(Collection entries)

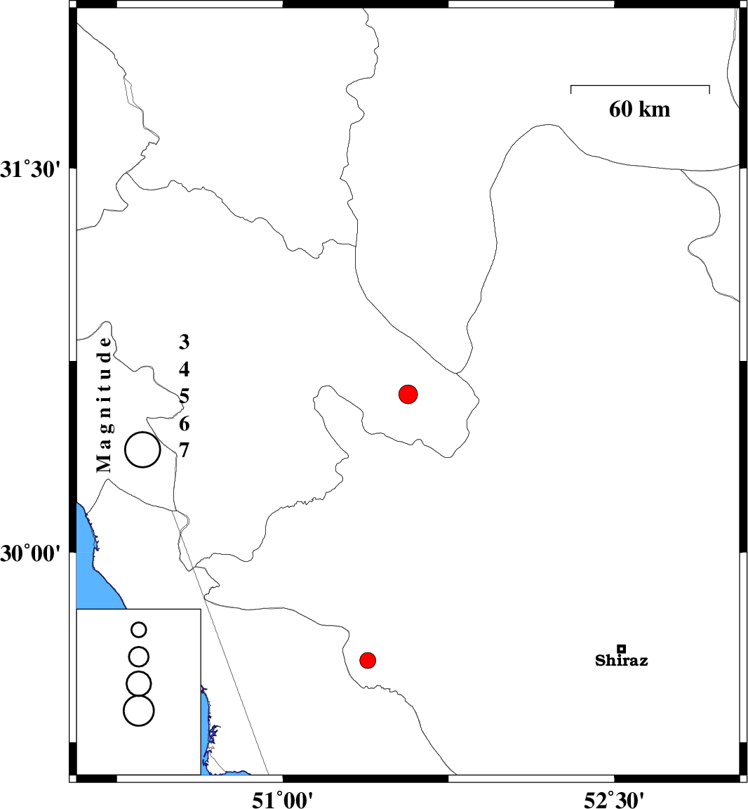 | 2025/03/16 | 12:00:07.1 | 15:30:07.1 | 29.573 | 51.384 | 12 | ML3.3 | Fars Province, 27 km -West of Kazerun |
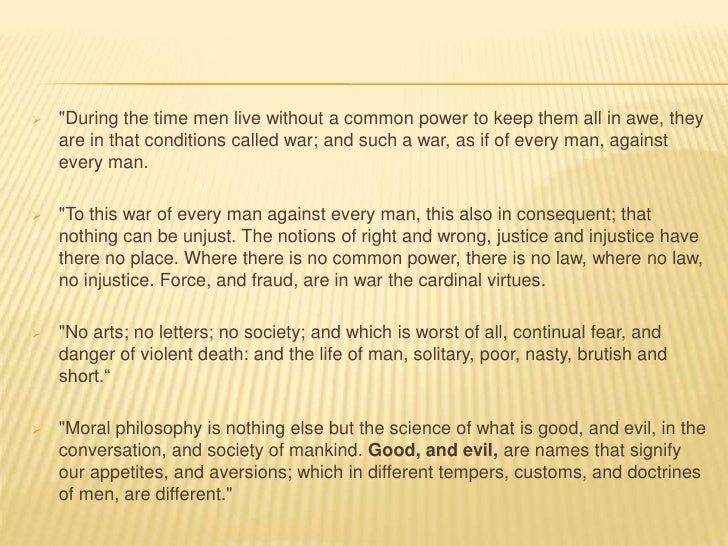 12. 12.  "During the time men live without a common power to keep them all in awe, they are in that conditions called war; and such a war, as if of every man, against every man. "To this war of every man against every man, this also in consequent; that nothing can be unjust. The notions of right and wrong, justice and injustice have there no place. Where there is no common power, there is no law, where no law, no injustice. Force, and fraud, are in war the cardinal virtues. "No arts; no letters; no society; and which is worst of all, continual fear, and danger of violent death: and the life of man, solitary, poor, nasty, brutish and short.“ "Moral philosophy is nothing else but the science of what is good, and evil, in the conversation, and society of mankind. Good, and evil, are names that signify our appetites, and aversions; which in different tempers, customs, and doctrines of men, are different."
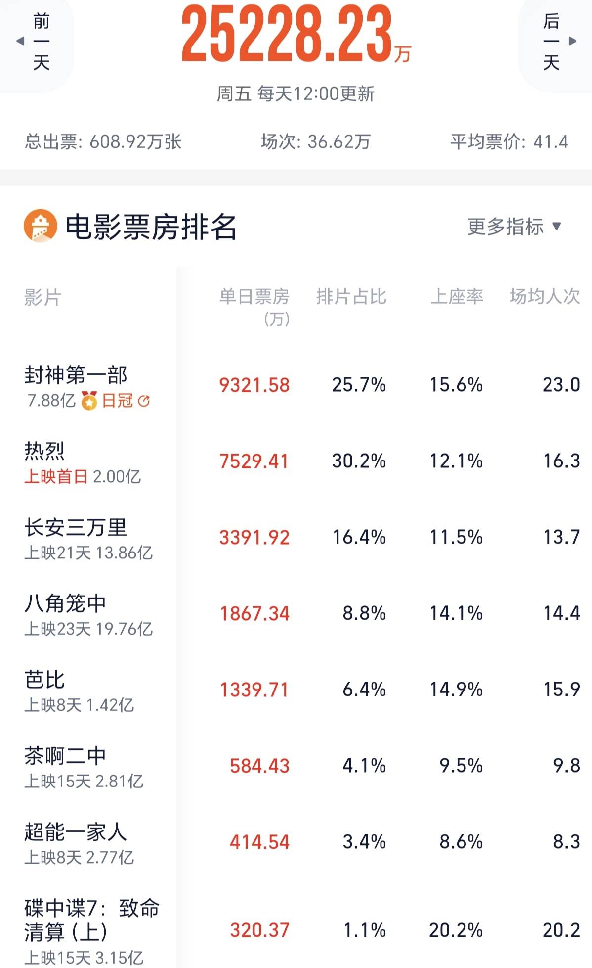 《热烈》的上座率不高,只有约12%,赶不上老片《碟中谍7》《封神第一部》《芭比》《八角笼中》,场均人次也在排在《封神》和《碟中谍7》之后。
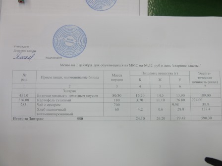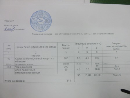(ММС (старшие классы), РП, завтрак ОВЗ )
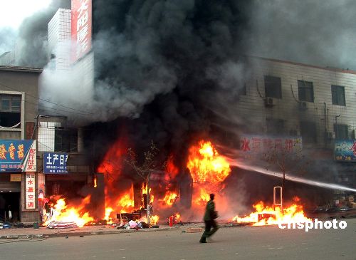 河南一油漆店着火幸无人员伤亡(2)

▶ _Problem requirements_: Every entry above should be returned exactly, with no images included.

▶ _Your solution_:
 | 2025/03/16 | 12:00:07.1 | 15:30:07.1 | 29.573 | 51.384 | 12 | ML3.3 | Fars Province, 27 km -West of Kazerun |
 12. 12.  "During the time men live without a common power to keep them all in awe, they are in that conditions called war; and such a war, as if of every man, against every man. "To this war of every man against every man, this also in consequent; that nothing can be unjust. The notions of right and wrong, justice and injustice have there no place. Where there is no common power, there is no law, where no law, no injustice. Force, and fraud, are in war the cardinal virtues. "No arts; no letters; no society; and which is worst of all, continual fear, and danger of violent death: and the life of man, solitary, poor, nasty, brutish and short.“ "Moral philosophy is nothing else but the science of what is good, and evil, in the conversation, and society of mankind. Good, and evil, are names that signify our appetites, and aversions; which in different tempers, customs, and doctrines of men, are different."
 《热烈》的上座率不高,只有约12%,赶不上老片《碟中谍7》《封神第一部》《芭比》《八角笼中》,场均人次也在排在《封神》和《碟中谍7》之后。
(ММС (старшие классы), РП, завтрак ОВЗ )
 河南一油漆店着火幸无人员伤亡(2)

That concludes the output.